With mixed relief and horror, she stared down.
It wasn't Boling.
The lean bearded man in slacks and a white shirt had been repeatedly stabbed. One glazed eye was half open. A cross was carved into his forehead. Rose petals, red ones, were scattered over his body.
"But where did that come from?" she asked the other deputy, nodding at Boling's business card, her voice shaking.
"I was trying to tell you-he's at the road block, over there. Just drove up. He wants to see you. It's urgent."
"I'll talk to him in a minute." Dance inhaled deeply, shaken.
Another deputy came up with the dead man's wallet in a plastic bag. "Got the ID. His name's Mark Watson. He's a retired engineer. Went out to the store a few hours ago. Never got home."
"Who is he?" O'Neil asked. "Why was he picked?"
Dance dug into her jacket pocket and retrieved the list of everyone mentioned in the blog who might be a potential target.
"He posted in the blog-a reply to the 'Power to the People' thread.
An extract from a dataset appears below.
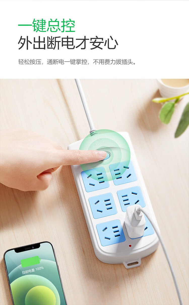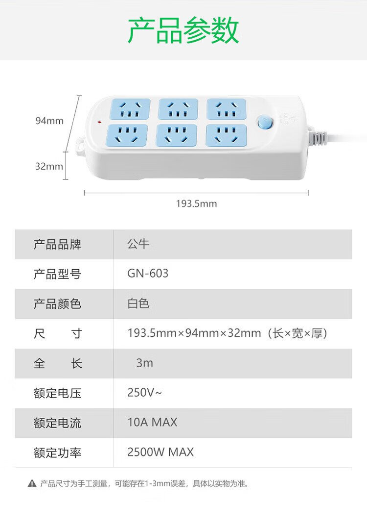 公牛(BULL)GN-603 插座/插线板/插排/排插/接线板/拖线板 6位总控全长3米超功率保护
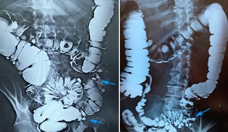 «Золотым стандартом» диагностики дивертикулярной болезни является ирригоскопия. Этот метод позволяет определить количество дивертикулов, их точное местоположение, размеры и форму. Суть процедуры заключается в введении рентгенконтрастного препарата в толстую кишку, после этого выполняется серия рентгенологических снимков, позволяющих оценить состояние толстой кишки. На представленных фотографиях стрелками указаны устья дивертикулов толстой кишки. Синими стрелками мы отметили множественные дивертикулы ободочной кишки. Именно так они выглядят при компьютерной томографии.

About the nuclear plant. It doesn't agree or disagree with Chilton about the location of the plant. It's neutral."
"So anybody connected to the blog at all could be at risk now."
"I'd think so."
O'Neil looked her over. He touched her arm. "You okay?"
"Just…kind of a scare."
She found herself thumbing Jon Boling's card. She told O'Neil she was going to see what he wanted and began down the path, her heart only now returning to a normal beat from the fright.
At the roadside she found the professor standing beside his car, the door open. She frowned. In the passenger seat was a teenager with spiky hair. He was wearing an Aerosmith T-shirt under a dark brown jacket.
Boling waved to her. She was struck by the look of urgency on his face, unusual for him.
And by the intensity of the relief she felt that he was all right.
Which gave way to curiosity when she saw what was stuck in the waistband of his slacks; she couldn't tell for certain but it seemed to be the hilt of a large knife.
Dance, Boling and the teenager were in her office at the CBI. Jason Kepler was a seventeen-year-old student in Carmel South High, and he, not Travis, was Stryker.
Travis had created the avatar years ago, but he'd sold it online to Jason, along with "like, a shitload of Reputation, Life Points and Resources."
Whatever those were.
Dance recalled that Boling had told her that players could sell their avatars and other accoutrements of the game.
The professor explained about his finding a reference in Travis's data to the Lighthouse Arcade's hours of operation.